■ TASK ITEM ■
Print the listing below word for word, but drop any pictures it contains.
---------- PROVIDED DATA ----------
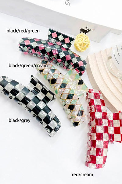 Jumbo acetate checker hair claw clip. Made of acetate.
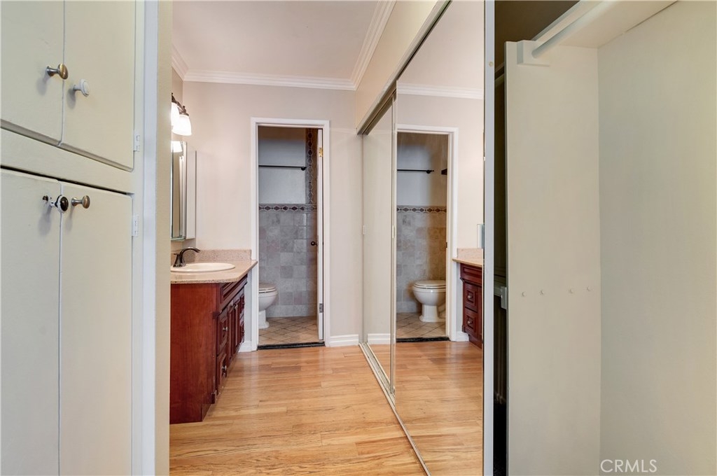 Spacious and well appointed Parc Tarzana condo with 2 Master Bedrooms! This unit is light and bright and features hardwood floors and a beautiful kitchen with custom cabinetry, granite countertops, and high end stainless steel appliances. Upper level unit located close the stairway with 2 parking spaces included! The complex features low HOA dues, a swimming pool, BBQ, sitting area, common laundry facility, and is pet-friendly. Centrally located in Tarzana with easy freeway access, close to shopping, parks, and schools. Move in to this beautiful condo or purchase as a great investment with high rents in the area!
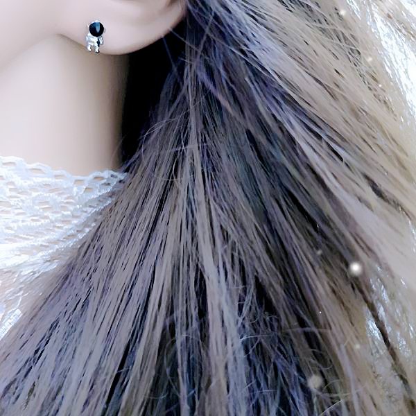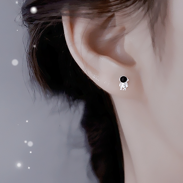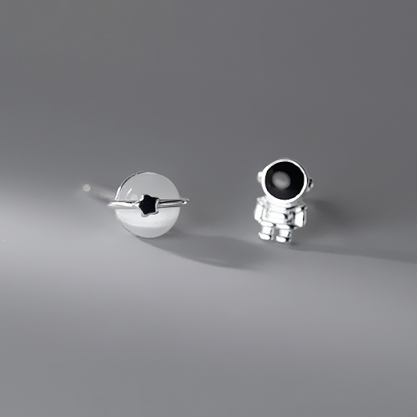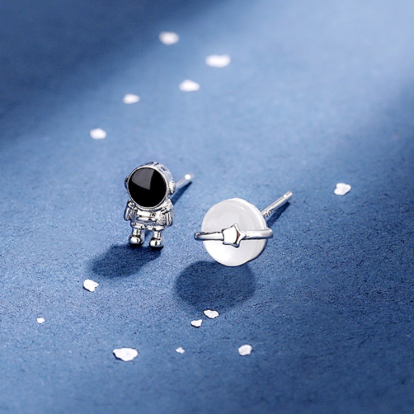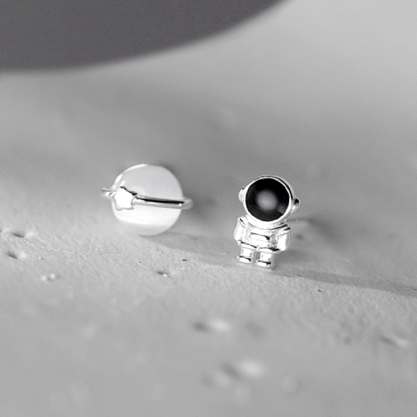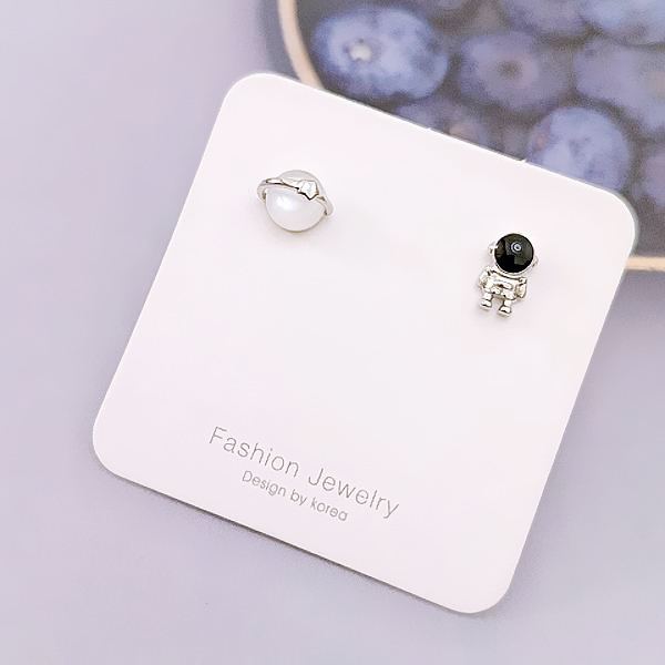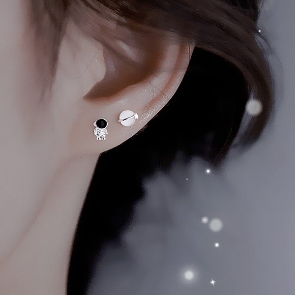 針式 夾式耳環 韓國少女萌系小巧宇宙太空人貓眼星球不對稱耳環 K94255 台灣出貨 Danica 韓系飾品 韓國連線如圖不對稱針式|如圖不對稱矽膠U型夾式(無耳洞配戴)Danica 韓系飾品 耳環
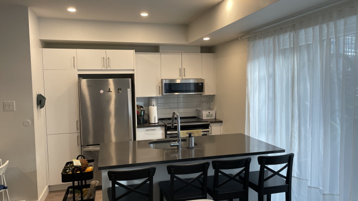 - Cuisine équipée de 201 pi2, frigo, cuisinière et grande table.
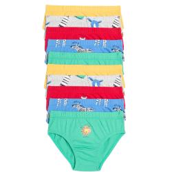 Featuring a whole safari of friendly animals, this handy 10-pack of kids briefs will bring fun and comfort to everyday dressing. Colourful zebras, crocs, and lions brighten up each pure cotton pair.
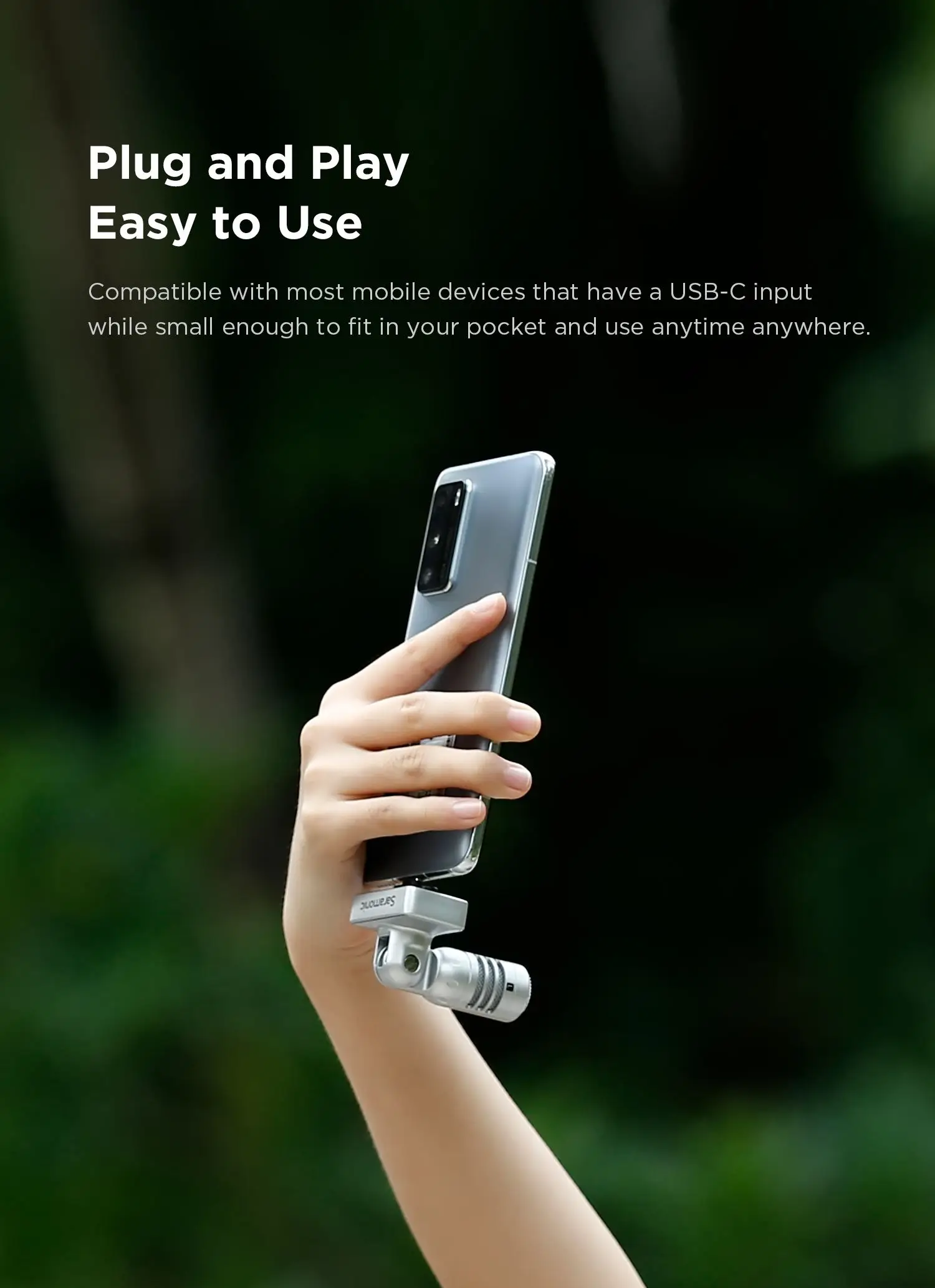 It utilizes a bidirectional polar pattern to provide consistent and stereo pickup from the left and right sides. The built-in headphone output allows users to keep the intelligibility of dialogue and ensure clear and broadcast-quality sound. Powered by USB-C devices, it requires no batteries and gives a direct connection to your device, open a recording/video app to go.
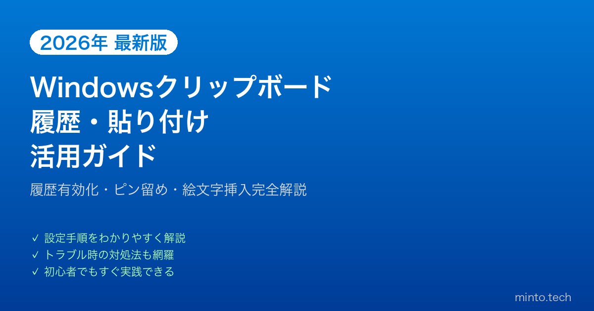 【2026年最新版】Windowsクリップボード履歴・貼り付け活用完全ガイド
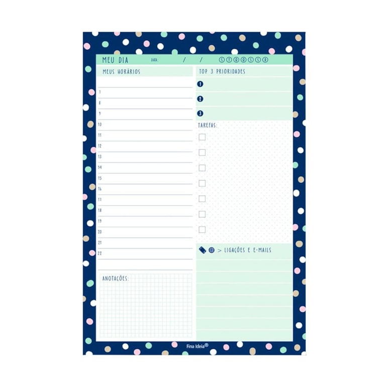 O Bloco Tarefas do Dia Poá vem estampado com um padrão super fofo de poá coloridinho sobre um fundo azul escuro, é o mimo perfeito para você!
----------
■ TASK RESULT ■
 Jumbo acetate checker hair claw clip. Made of acetate.
 Spacious and well appointed Parc Tarzana condo with 2 Master Bedrooms! This unit is light and bright and features hardwood floors and a beautiful kitchen with custom cabinetry, granite countertops, and high end stainless steel appliances. Upper level unit located close the stairway with 2 parking spaces included! The complex features low HOA dues, a swimming pool, BBQ, sitting area, common laundry facility, and is pet-friendly. Centrally located in Tarzana with easy freeway access, close to shopping, parks, and schools. Move in to this beautiful condo or purchase as a great investment with high rents in the area!
 針式 夾式耳環 韓國少女萌系小巧宇宙太空人貓眼星球不對稱耳環 K94255 台灣出貨 Danica 韓系飾品 韓國連線如圖不對稱針式|如圖不對稱矽膠U型夾式(無耳洞配戴)Danica 韓系飾品 耳環
 - Cuisine équipée de 201 pi2, frigo, cuisinière et grande table.
 Featuring a whole safari of friendly animals, this handy 10-pack of kids briefs will bring fun and comfort to everyday dressing. Colourful zebras, crocs, and lions brighten up each pure cotton pair.
 It utilizes a bidirectional polar pattern to provide consistent and stereo pickup from the left and right sides. The built-in headphone output allows users to keep the intelligibility of dialogue and ensure clear and broadcast-quality sound. Powered by USB-C devices, it requires no batteries and gives a direct connection to your device, open a recording/video app to go.
 【2026年最新版】Windowsクリップボード履歴・貼り付け活用完全ガイド
 O Bloco Tarefas do Dia Poá vem estampado com um padrão super fofo de poá coloridinho sobre um fundo azul escuro, é o mimo perfeito para você!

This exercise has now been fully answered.